61.新たな旅路に必要なもの不必要なもの
ルークは檜風呂を堪能し、リビングで休憩するために扉を開けた。
リビングテーブルの周りでアーサーとクオンが、ジェイクに安心君で魔力残量の確認をされていた。
安心君は黄色に光っていた。
黄色。
ってことは、大分、魔力を使ったんだな。
覗きに行くと、テーブルの上にはジェイクじいちゃんが素晴らしいデザイン画を描くノートと、ドライヤーの試作品と思われるものが置かれていた。
お。やっぱり作ったんだ。
試作は上手く行ったんだろうか?
ルークはソファに座ってタオルで髪を拭きながらその試作品を見ていると
「ルーク、丁度良いな。モニターしてくれるか?」
「あぁ、ドライヤーのだね?良いよ。お願い。」
ジェイクはドライヤー一号を片手に持ち、スイッチを押した。
ドライヤー一号は、長さが短い大小の円柱を二つ重ねたような形だ。
持ち手になる小さい円柱には魔力電池が入るようになっていて、スイッチも付いている。大きな円柱は吹き出し口なのか、一回り小さな円錐の形に内側が凹んでいる。
重さによるけど少し持ちにくそうな印象だ。
スイッチを押し、シューという音と共に温風が出始めたドライヤー。
ジェイクは、その温風をルークの髪に向けて乾かそうとすると、あっという間にさらりと乾いていく。
「え?もう?」
温風が当たった瞬間乾いていくので、ドライヤーを頭に向けて大きく円を描くように一周させただけで髪全体が乾いてしまった。
「か、乾くの早すぎない?」
「時間短縮、魔力電池節約で良いだろ?」
驚くほどの短時間での乾燥。でもパサパサになってない。これは一言、凄いに尽きる。
こんな短時間なら持ちにくさも気にならないかな?
「ちょっと貸して?」
ジェイクから渡してもらったドライヤーを持ってみる。
「うーん。小さい円柱の側面を少し削るか、円柱じゃなくて円錐にして面取りした方が持ちやすいんじゃないかな?」
「確かに、その方が持ちやすいな。」
「吹き出し口、木にしたらオシャレになるんじゃない?」
金の属性は少ないと聞いた気がする。草の属性は結構多そうだし、比重をそっちにシフトした方が、作業効率が上がるし仕事の斡旋にもなるだろう。
見た目もこれぞ金属です!
じゃ味気ない。
木の温もりを感じたい。
「ふむ。木目が綺麗に出るとオシャレ度が上がるか?」
「それなら寄木細工みたいにしてみたら?端材で組み合わせたら、世界に一つだけのオリジナルになるから、喜ばれるんじゃない?」
「寄木細工?」
「えっと確か、色んな種類の木材を組み合わせて、それぞれの色合いや木目の違いを利用して模様を描く技術?かな?」
「こんな感じか?」
ジェイクはノートに描いていく。前世から引っ張り出した記憶の一端かもしれない。
描かれたそれは、ルークの知っている寄木細工そのもので、ネットで見たことのある幾何学模様だった。

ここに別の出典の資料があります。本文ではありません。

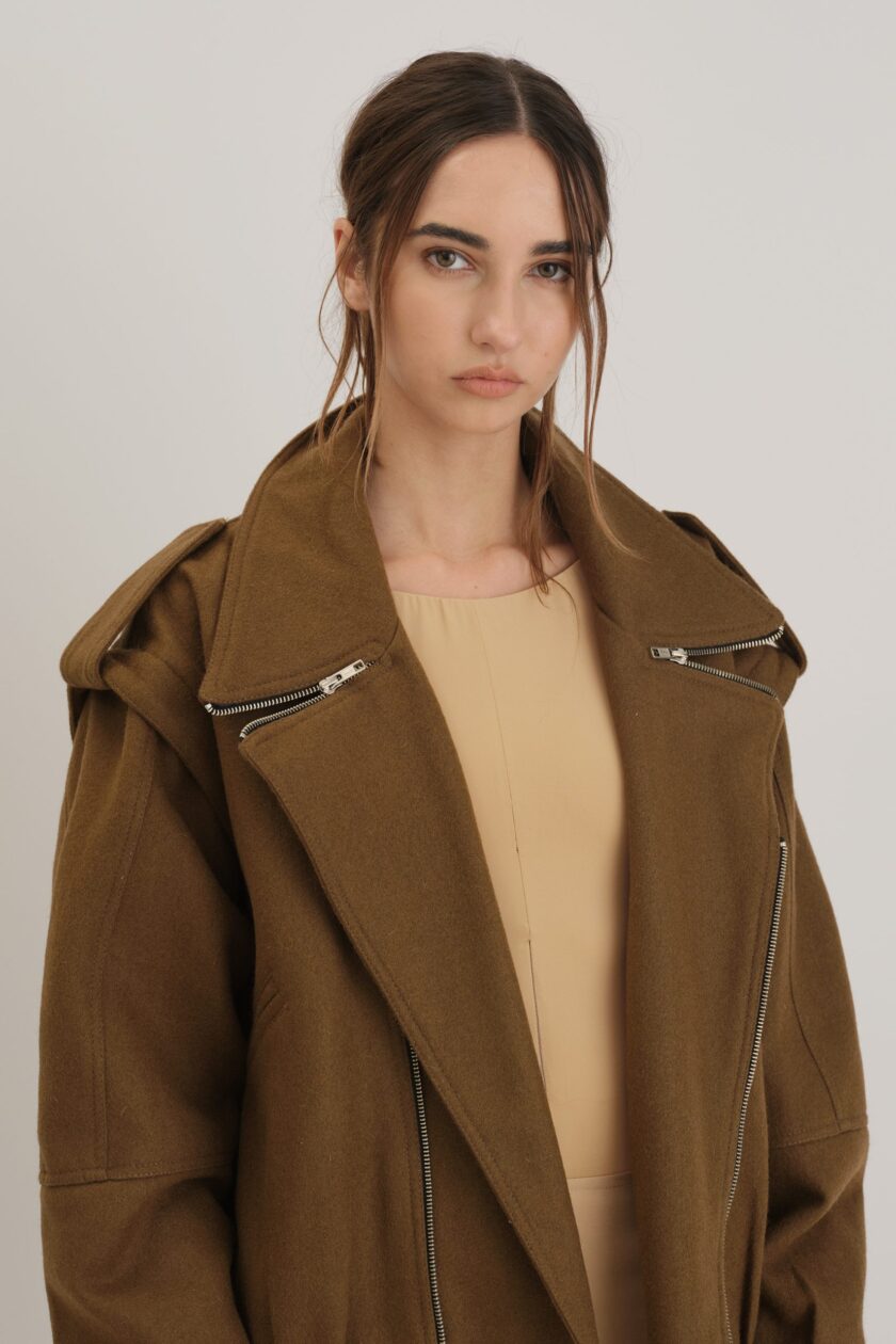 Campera oversize confeccionada en paño de lana 100%. Forrada en su interior. Contiene cartera y solapas con cierres metálicos.
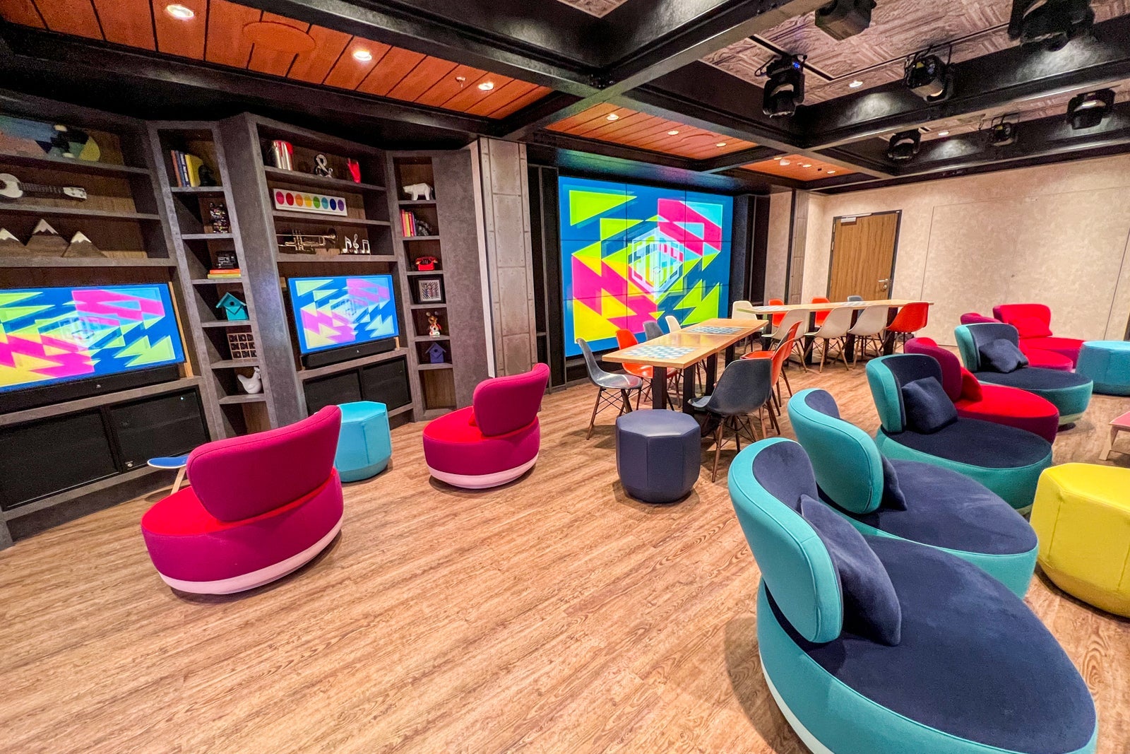 And at the teen club, Vibe, the decor draws inspiration from a Parisian loft, offering lots of spots to lounge, watch movies, meet new people and play games. Honestly, this space looked so cool, I'd want to hang out there myself.

「これ!凄い!こういう感じ!この寄木細工で、小物とか、、あ!アクセサリー収納の箱とか作ったら女性には喜ばれるんじゃないかなぁ?」
「「「女性に喜ばれる?」」(ボソリ)」
男性三人が食いついたぞ?
相手の誕生日でも近いのだろうか…。
「よ、喜ばれると思う。みんなに聞いてみる?」
「いや、まだだ!まずはこのドライヤーの外装を変えてみようじゃないかっ!」
「「おー!」(ボソリ)」
変なテンションになったぞ。
これは収拾がつくのか?
バーン!ドンッ!バタン!ガツ!!
ルークが少し呆れていると、商人に貸す客間がある方の廊下に繋がる扉が開いた。ものすごい勢いで開けたため、扉が壁にぶつかり跳ね返って閉まった。
「「「「「「…。」」」」」」
最後のガツってもしかして…
ルークが確認のため、扉に向かっていると、音に慌てたデイジーもやってきたので、二人で扉を開けてみる。
デイジーの正面には誰もいない。
ルークの目の前には鼻の頭を押さえてしゃがんでいるサーシャがいた。
「あらあら!大丈夫?ほら見せてごらんなさい。」
デイジーがサーシャに気が付いてしゃがみ込み、押さえている場所を覗き込んで
「あら、これは良くないわね。ちょっとこっちにきて?」
と、サーシャを立ち上がらせ廊下を歩き、家事室の扉を開けた。ルークはリビングの扉を閉めて二人を追う。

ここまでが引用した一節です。